### Given records
===

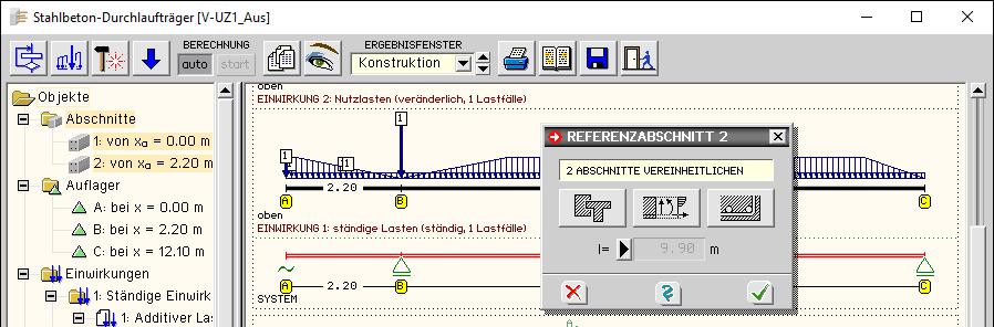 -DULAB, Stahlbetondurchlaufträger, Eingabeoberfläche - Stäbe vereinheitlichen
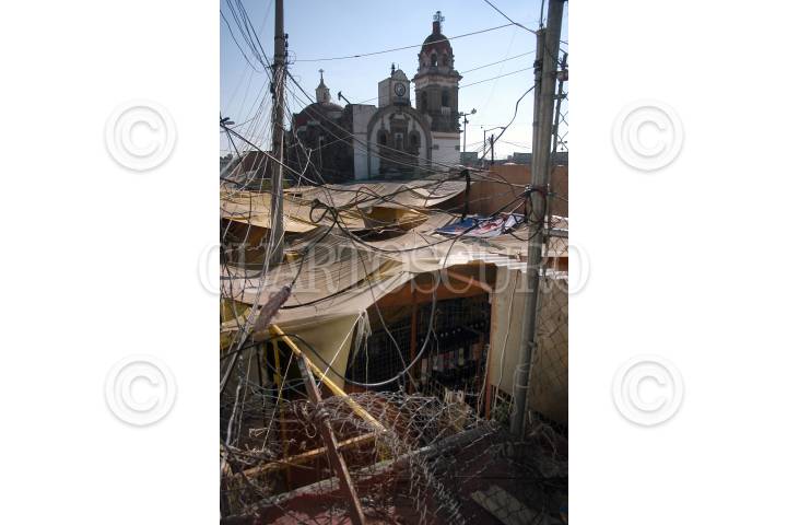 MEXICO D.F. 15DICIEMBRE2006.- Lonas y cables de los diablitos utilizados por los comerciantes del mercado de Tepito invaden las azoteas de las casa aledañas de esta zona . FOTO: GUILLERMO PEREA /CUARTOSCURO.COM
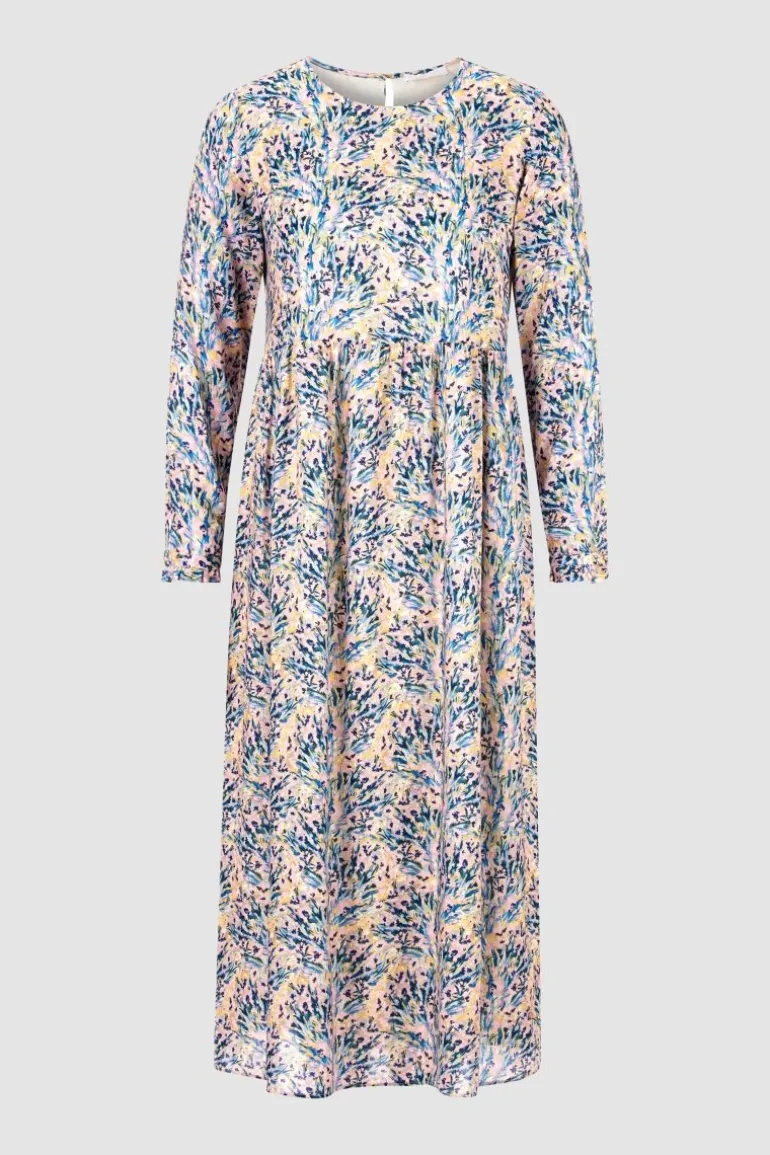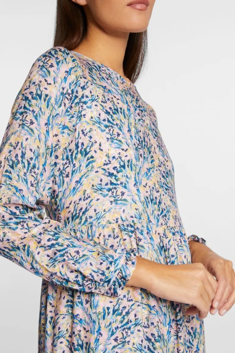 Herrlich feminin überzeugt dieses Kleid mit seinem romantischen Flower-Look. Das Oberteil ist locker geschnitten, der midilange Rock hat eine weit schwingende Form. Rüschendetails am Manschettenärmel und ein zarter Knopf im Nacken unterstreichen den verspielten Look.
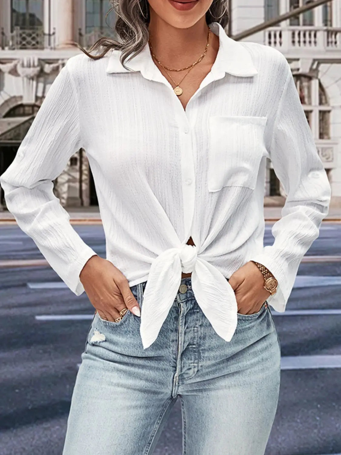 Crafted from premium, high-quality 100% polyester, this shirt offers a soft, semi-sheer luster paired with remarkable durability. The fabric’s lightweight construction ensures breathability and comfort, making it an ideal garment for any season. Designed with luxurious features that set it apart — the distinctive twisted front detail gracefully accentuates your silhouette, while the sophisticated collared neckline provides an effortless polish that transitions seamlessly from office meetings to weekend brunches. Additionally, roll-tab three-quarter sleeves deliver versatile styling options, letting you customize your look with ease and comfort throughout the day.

===

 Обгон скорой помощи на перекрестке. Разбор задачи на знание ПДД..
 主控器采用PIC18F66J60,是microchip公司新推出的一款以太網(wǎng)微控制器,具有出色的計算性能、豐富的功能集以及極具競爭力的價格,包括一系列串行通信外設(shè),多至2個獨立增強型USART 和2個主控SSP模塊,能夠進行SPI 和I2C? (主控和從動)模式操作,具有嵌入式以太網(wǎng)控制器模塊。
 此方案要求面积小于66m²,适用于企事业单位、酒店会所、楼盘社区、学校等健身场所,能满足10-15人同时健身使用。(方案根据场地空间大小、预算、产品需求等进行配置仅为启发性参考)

===

### Exercise brief
What is needed is an exact copy of only the lines above from the one with "Herrlich feminin überzeugt" to the one with "Crafted from premium, high-quality", both kept, with every picture left out.

### Solution
 Herrlich feminin überzeugt dieses Kleid mit seinem romantischen Flower-Look. Das Oberteil ist locker geschnitten, der midilange Rock hat eine weit schwingende Form. Rüschendetails am Manschettenärmel und ein zarter Knopf im Nacken unterstreichen den verspielten Look.
 Crafted from premium, high-quality 100% polyester, this shirt offers a soft, semi-sheer luster paired with remarkable durability. The fabric’s lightweight construction ensures breathability and comfort, making it an ideal garment for any season. Designed with luxurious features that set it apart — the distinctive twisted front detail gracefully accentuates your silhouette, while the sophisticated collared neckline provides an effortless polish that transitions seamlessly from office meetings to weekend brunches. Additionally, roll-tab three-quarter sleeves deliver versatile styling options, letting you customize your look with ease and comfort throughout the day.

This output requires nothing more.